At a glance, the
killing fields of N’Djamena aren’t
recognizable. On the outskirts of the
Chadian capital, passed the walls of a
prison never quite completed because of
embezzled funds, nothing indicates that
under the vast desolate sahelien
landscape hides the burial grounds of
Hissene Habre’s victims. One man is
still able to tell where the millions of
corpses dragged out the prisons of the
ex-dictator lie. For five years, Clement
Abaifouta came to bury the dead under
this barren soil, without even the time
for a prayer.
In 1990, at the end
of his eight years in power, the
president fled from N’Djamena fearing
the advancing rebel troops of his future
successor, Idriss Deby, and to this day
resides in exile in Senegal. Since his
arrival in power in 1982, he hunted down
all opponents and conspirators, real or
imagined, and N’Djamena became the
capital of detention centers and
“torture chambers”, and a place of
persecution where, as was later
determined by a national commission,
“over 40,000 victims (dead), over 80,000
orphans, over 30,000 widows, and over
200,000 people found themselves because
of this oppression without any moral or
material support”.
Clement Abaifouta
was merely a prisoner among others,
arrested on a “rainy morning”, July 12th,
1985, when they decided that his
scholarship to study medicine in East
Germany was suspicious. The men who
brought him to the headquarters of the
terrifying Documentation and Security
Offices (“Direction de la Documentation
et de la Securite”, DDS) never indicated
to him the reason for his arrest. They
needed someone for a dirty job; he was
assigned to bury the victims.
For 5 years,
Clement Abaifouta was part a small unit
of enslaved gravediggers, lining up
wholes and communal tombs over a two
kilometer stretch of the killing fields.
“We would ask ourselves how so many
people could die. The corpses would come
by the truck load. Often they were
already swollen. We would dig, but not
very deeply, and we would hurry away.”
A French military
camp was located less then a kilometer
way. “The French came several times
flying overhead with their helicopter;
they must have known what we were doing”
assured Clement.

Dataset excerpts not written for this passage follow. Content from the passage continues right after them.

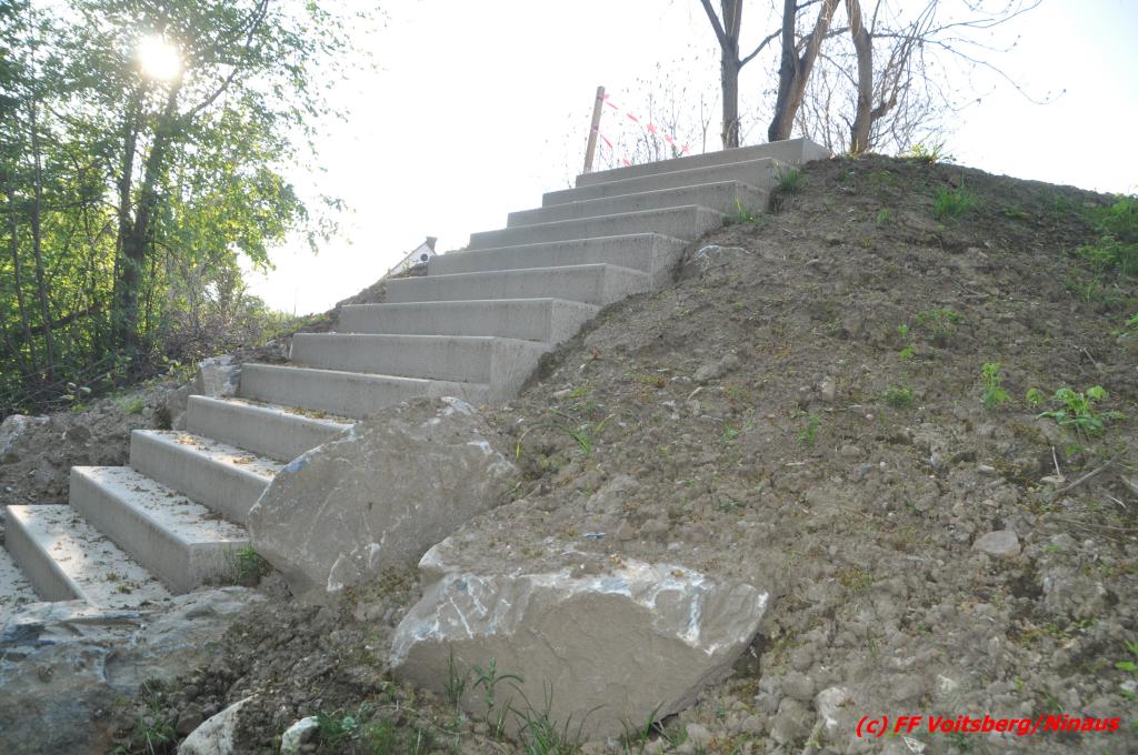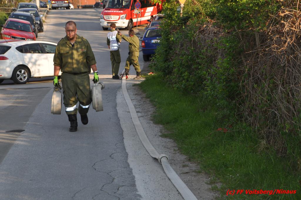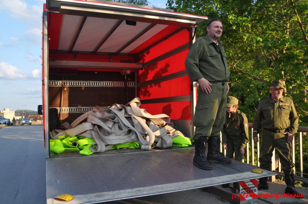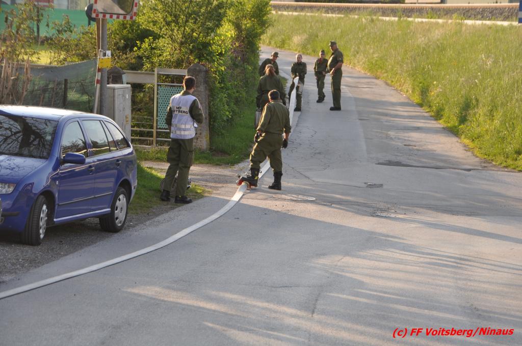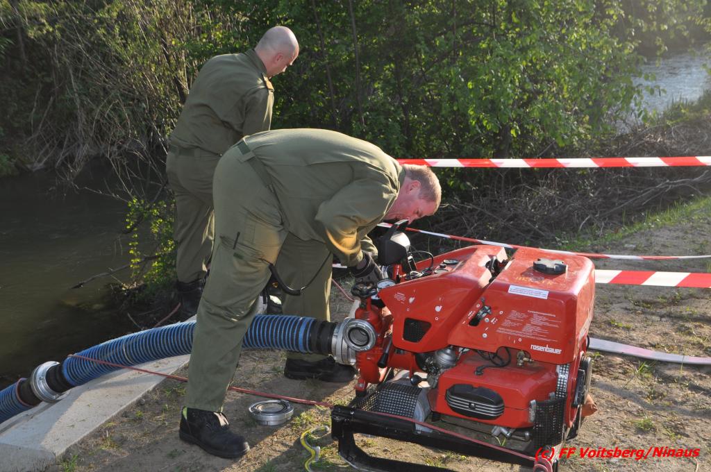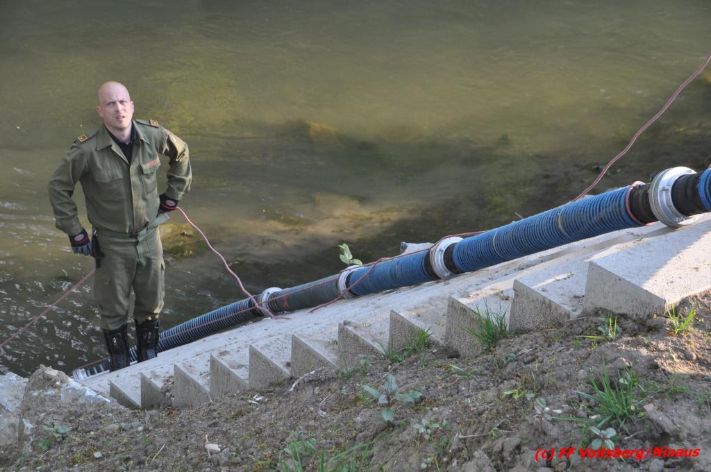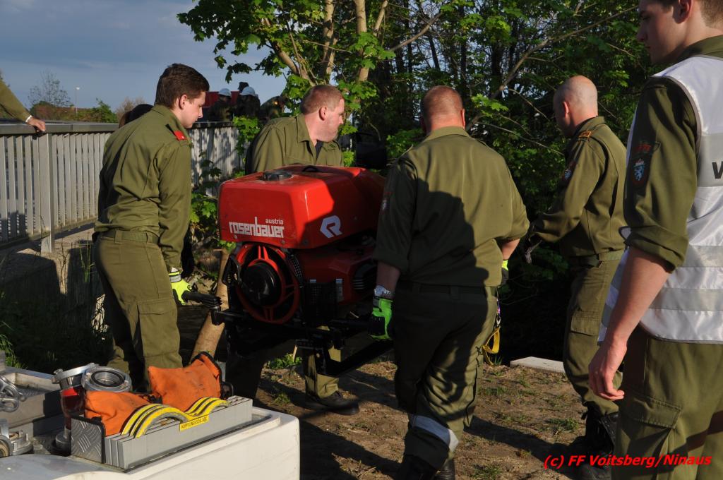 VOITSBERG, am 09.05.2016 Die Bevölkerung wird sich fragen, warum entlang der Kainach im Gemeindegebiet von Voitsberg insgesamt 11 Stiegen angebracht wurden. Die Erklärung besteht darin, dass diese im Zuge des Ausbaues des Hochwasserschutzes zum Verlegen der Saugschläuche von den Tragkraftspritzen bei Feuerwehreinsätzen angelegt wurden, um Wasser zur Brandbekämpfung aus der Kainach zu pumpen. Erstmals wurde eine Übung bei solch einer Saugstelle unter dem Schloss Greißenegg mit der Annahme eines Brandes beim alten Bauhof in der Rottenbachergasse. Das Aggregat wurde an oberster Stelle der Stiege abgestellt und insgesamt 6 Saugschläuche angelegt. Es wurde sodann eine 300 Meter lange Zubringleitung zum vermeintlichen Brandobjekt gelegt und mit dem aus der Kainach gepumpten Wasser das neue HLF 3 - Tunnel mit Wasser versorgt. Es wurde seitens des HBI Ing. Klaus Gehr und OBI Michael Münzer feuerwehrtaktisch der Brandangriff erläutert. Diese Saugstelle hat sich bestens bewährt. Nach der Nachbesprechung wurde vom Übungsleiter OLM d. F. Alexander Wallner, welchem zur erfolgreichen Absolvierung des Einsatzleiterlehrganges gratuliert wurde, das Übungsende befohlen.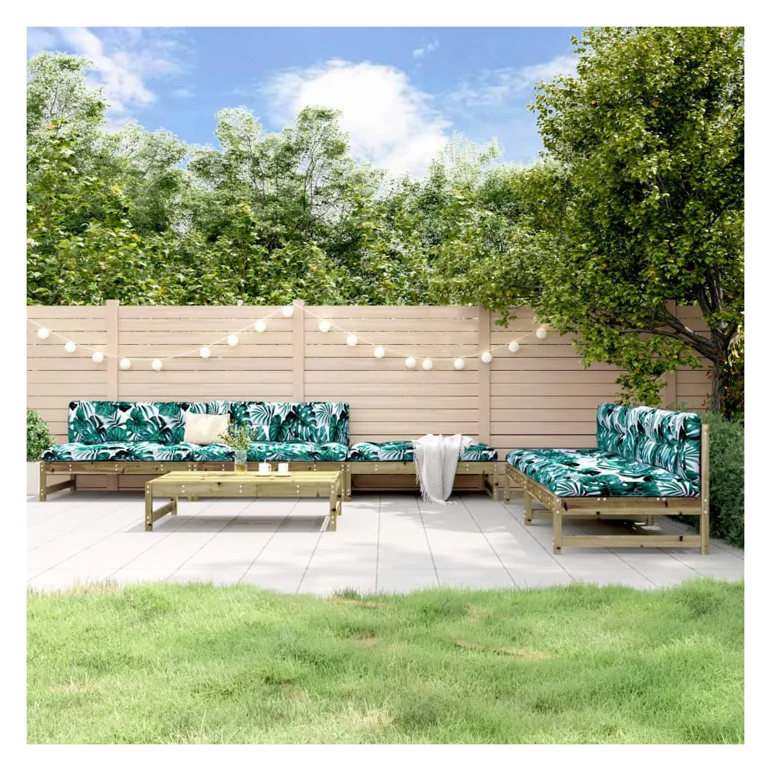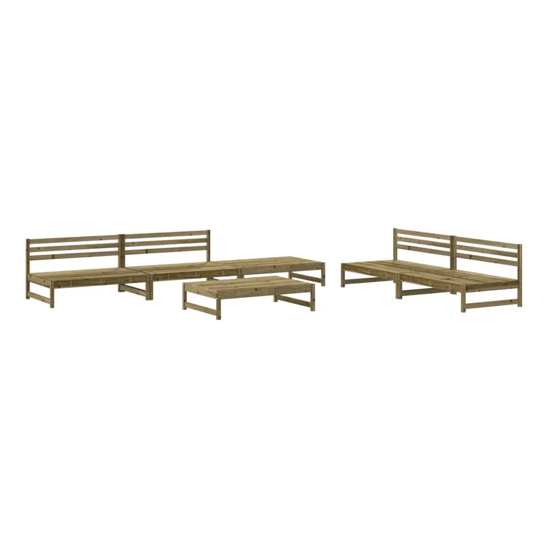 vidaXLCe salon de jardin en bois, qui se démarque par son design à lattes, sera un excellent supplément à votre jardin, patio ou terrasse pour profiter d'un moment agréable avec votre famille ou vos amis. Bois imprégné : le bois de pin massif est un matériau naturel magnifique. Le bois de pin a un grain droit et les nœuds lui confèrent un aspect rustique caractéristique. L'imprégnation est un processus de conservation réalisé à l'aide d'autoclaves. Le traitement sous pression augmente la résistance à la pourriture et aux intempéries.Expérience d'assise confortable : le dossier ajoute un confort d'assise supplémentaire au canapé d'extérieur.Design modulaire : le canapé est flexible et facile à déplacer. Vous pouvez le combiner avec d'autres segments modulaires de la boutique en ligne pour créer vos propres configurations de salon de jardin ! Bon à savoir :Les coussins ne sont pas inclus dans la livraison.Pour que vos meubles d'extérieur restent beaux, nous vous recommandons de les protéger avec une housse imperméable.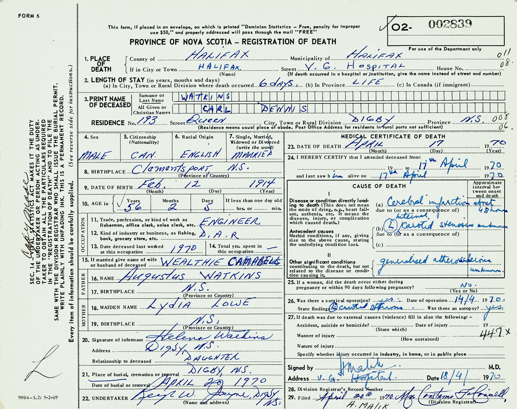 PROVINCE OF NOVA SCOTIA — REGISTRATION OF DEATH
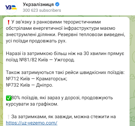 У зв’язку з ранковими терористичними обстрілами енергетичної інфраструктури маємо знеструмлені ділянки. Резервні тепловози виведені, усі поїзди продовжать рух… 80% поїздів, які зараз у дорозі, продовжують курсувати за графіком, — вказала прес-служба «Укрзалізниці» 31 жовтня у Телеграм-повідомленні.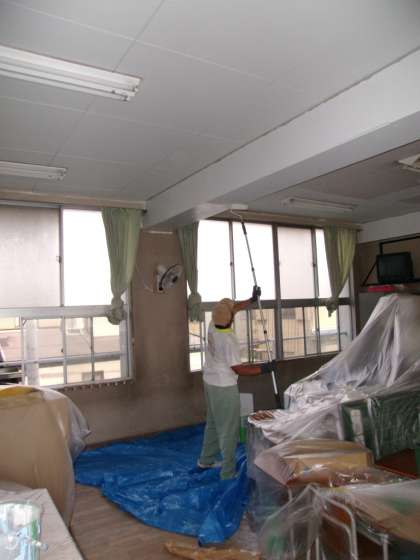 夏休みに環境整備に努めています。管理作業員さんが子どもたちがいない今しかできない作業を計画的に実施しております。下の写真は2年2組の教室の天井にペンキを塗っているところです。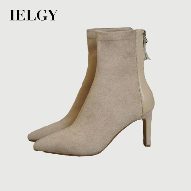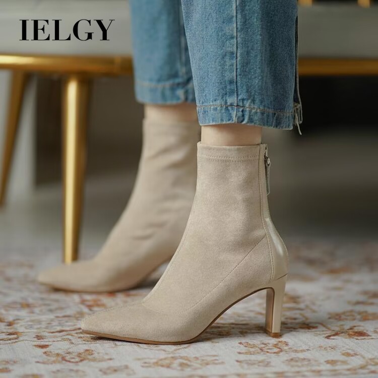 IELGY Apricot Botas Francesas Femininas De Camurça Com Salto Grosso E Cano Médio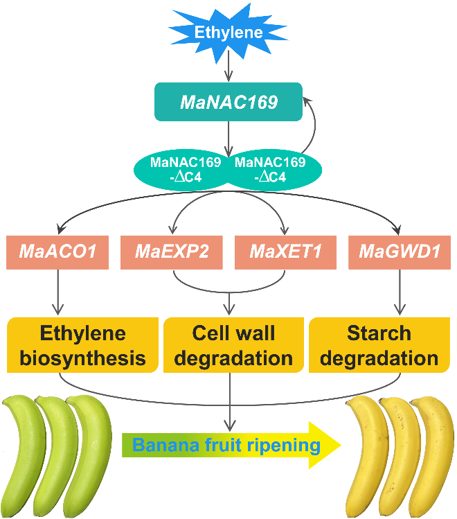 香蕉既是重要热带水果也是世界第四大粮食作物,其果实采后不耐贮运导致采后损失大,严重制约着产业健康发展。深入解析香蕉采后成熟调控机制对于进行定向分子育种具有重要意义。本研究新鉴定出一个具核与质膜双定位的NAC转录因子,其受乙烯高度诱导表达,且与果实后熟过程呈正相关,暗示其可能参与果实成熟调控。进一步研究发现,该转录因子在乙烯的诱导下以核定位形式发挥作用,通过直接结合并正调控多个细胞壁降解相关基因的表达,从而参与调控果实后熟过程。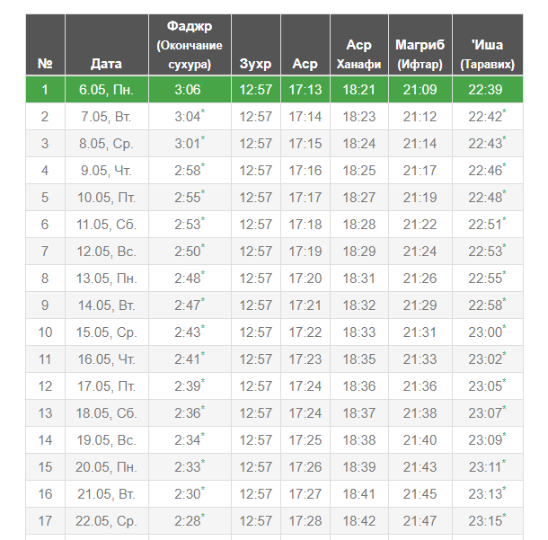 Ифтар (вечерний ужин) и сухур (завтрак перед рассветом) для мусульман особо важны ибо в другое время приходится придерживаться поста. В каждом городе время может разнится сухура и ифтара. Для расчета времени пользовались методом Мусульманской всемирной лиги. Теперь смотрим таблицу.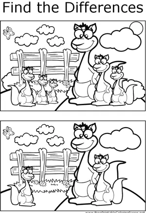 FTD Kangaroos Printable Coloring Page, free to download and print. Hone your observation skills by finding the differences between the two pictures of a kangaroo family in this printable coloring page.

The grave sites didn’t
seem to be a point of contention between
the Chadian president and his allies,
the Americans and the French who back
then supported Habre with enthusiasm at
a time when Chad was at war with Libya.
While the Chadian army, financed by US
and supported by French Jaguars, was
fighting back the enemy and making
advances on Kadhafi’s territory, they
were torturing in all tranquility back
in N’Djamena. According to Human Rights
Watch, the Chad of Hissene Habre was
receiving help from American experts in
“interrogation methods” and assistance
from Saddam Hussein.
Hissene Habre can
hardly claim he’s had nothing to do with
this. Documents written to the intention
of the Chief of State detail the
tortures subjected to certain “special”
prisoners. The ex-dictator was keeping a
personal watch on his secret police, as
shown in a note dated from August 26th,
1987, and written by the Director of the
DDS, congratulating himself that “the
spider web sown over the entire extend
of the national territory”, due to his
services, constituted “the eyes and the
ears of the president”, to whom he
“accounted for all activities”. Certain
witnesses even accuse Habre of having
personally participated in certain
executions.
The “investigation
center”, one of the uppermost places of
torture, was located in the heart of the
“presidency”, the neighborhood inhabited
by the dignitaries of the regime. Today,
the ancient prison is in ruin and behind
the bushes of rusted barb wire squatters
have moved in tents under its leaky
roofs.
A man with a fixed
gaze, his face devoured by tics, stops
all access to the ruins for which he
affirms having all responsibility
because, he solemnly adds, “it was I who
had the keys.” The regime has fallen,
the presidency and its prisons pillaged,
but Moustahamid Idriss, the guardian of
the “investigation center” remains and
still gets euphoric at the memory of
years spent in good and faithful
service.
“We had a secret
dungeon in the garden over there that
was condemned by the bulldozers when
Hissene Habre left”, explains the old
prison guard. “You had to go down a
little staircase to get to it. There
were always lots of prisoners there.”
The villa was inhabited by an officer of
the regime who had organized his own
little private detention center, as many
others had done, including the
president’s own sister. “I was just
obeying orders, that’s all” Moustahamid
quickly concluded.
Only several
hundred feet away, Hissene Habre was
receiving confidential notes about the
“special” prisoners. In a 500 meter
radius, five detention centers operated,
of which three at least were kept
covert. Next to these centers, multiple
informal “torture chambers” were
established.
None were as feared
as the “pool”. The old pool at Leclerc’s,
a French colonialist, had been sealed
with a concrete slab and divided into 10
cells, were bodies, broken, tortured,
exhausted, sick, and dehydrated from the
infernal heat, were cast off to die.
“It’s the salt that’s first to come out
of a body. After that comes big red
welts, very painful, that secrete puss,
then the agony begins”, recalls Ismael
Hachim Abdallah, who spent several
months in 1989 detained in those cells.
He is now the president of the
Association of the Victims of Crimes and
Political Repressions in Chad
(“Association des Victimes des Crimes et
Repressions Politiques au Tchad”, AVCRP).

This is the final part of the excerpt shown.